As described above, in this embodiment, the heater 22 is cut off when the ice tray temperature sensor 19 detects -5° C. during the normal cooling operation, but the ice tray temperature sensor 19 is turned off during the rapid cooling operation. Since the heater 22 continues to be energized until the temperature of -13.5° C. is detected, the total amount of heat generated by the heater 22 from the start to the end of ice making is larger during the rapid cooling operation than during the normal cooling operation.
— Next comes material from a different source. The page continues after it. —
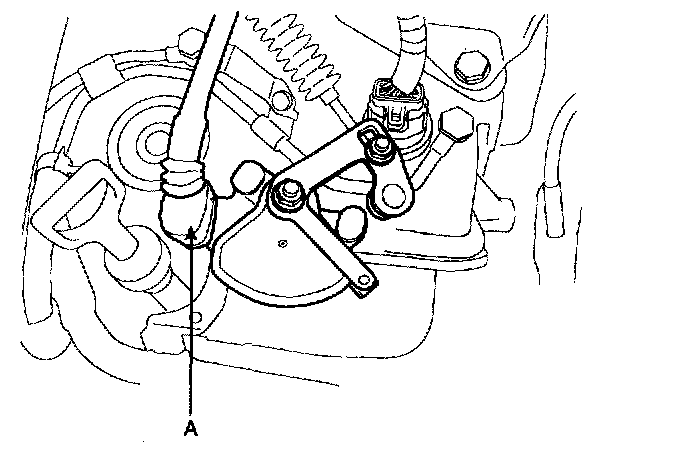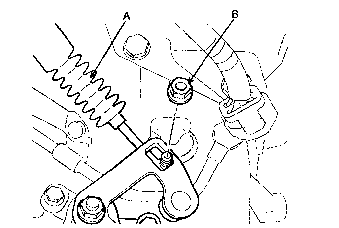 7. Remove the control cable to transaxle range switch (A) mounting nut (B).

Therefore, during the rapid cooling operation, even if cold air is continuously blown onto the ice tray 12 for 90 minutes, there is no risk that the water surface portion will freeze first, and transparent ice can be reliably produced.

In the above embodiment, during the rapid cooling operation, the heater 22 is cut off at the completion of ice making, but this means that the temperature sensor 19 for the ice tray is at a lower temperature than during the normal cooling operation, for example - The heater 22 may be cut off when the temperature is detected to be 9°C. Even in this case, the total calorific value of the heater 22 from the start to the end of ice making is larger during the rapid cooling operation than during the normal cooling operation, so there is no fear that the water surface portion will freeze first.

[0028]

Effects of the Invention As explained above, according to the present invention, the total calorific value of the heater from the start to the end of ice making is made larger during rapid cooling operation than during normal cooling operation. Even if there are times when cold air is continuously blown onto the ice tray for a long period of time, there is no risk of the water on the surface freezing first, and it is possible to reliably produce clear ice. It has the following effects.
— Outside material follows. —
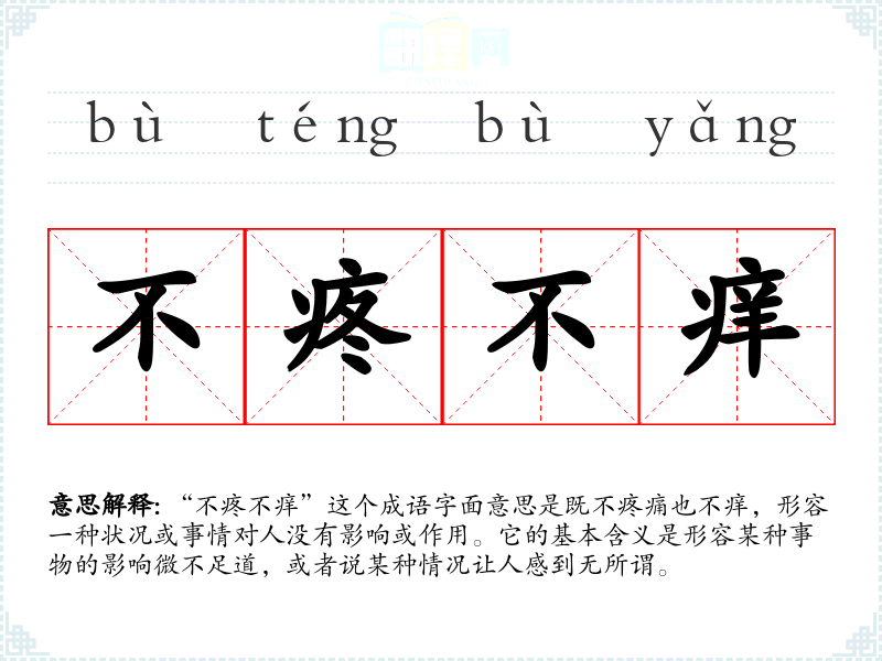“不疼不痒”这个成语字面意思是既不疼痛也不痒,形容一种状况或事情对人没有影响或作用。它的基本含义是形容某种事物的影响微不足道,或者说某种情况让人感到无所谓。

[Brief explanation of the drawing]

[Fig. 1] A longitudinal sectional front view of essential parts showing one embodiment of the present invention.

[Figure 2] Same side view

[Figure 3] Longitudinal side view of the refrigerator with a portion removed

[Figure 4]
Block diagram showing electrical control configuration

[Explanation of symbols]

12 is an ice tray, 14 is a water supply device, 19 is a temperature sensor for the ice tray, 20 is a cold air duct, 21 is a heat insulating cover, 22 is a heater, 23 is a temperature sensor for the heater, 25 is a microcomputer, and 26 is for the same as the example. A temperature sensor, 27 a rapid cooling operation switch, and 29 a compressor.

Claims (1)

[Claims] 1. An ice making device that is built into a refrigerator and makes ice by blowing cold air onto the bottom of an ice tray while heating the top with a heater, the total heat generation amount of the heater from the start of ice making to the completion of ice making. When the rapid cooling operation is selected, which rapidly freezes the food stored in the refrigerator,
A refrigerator ice making device characterized by being larger than during normal cooling operation.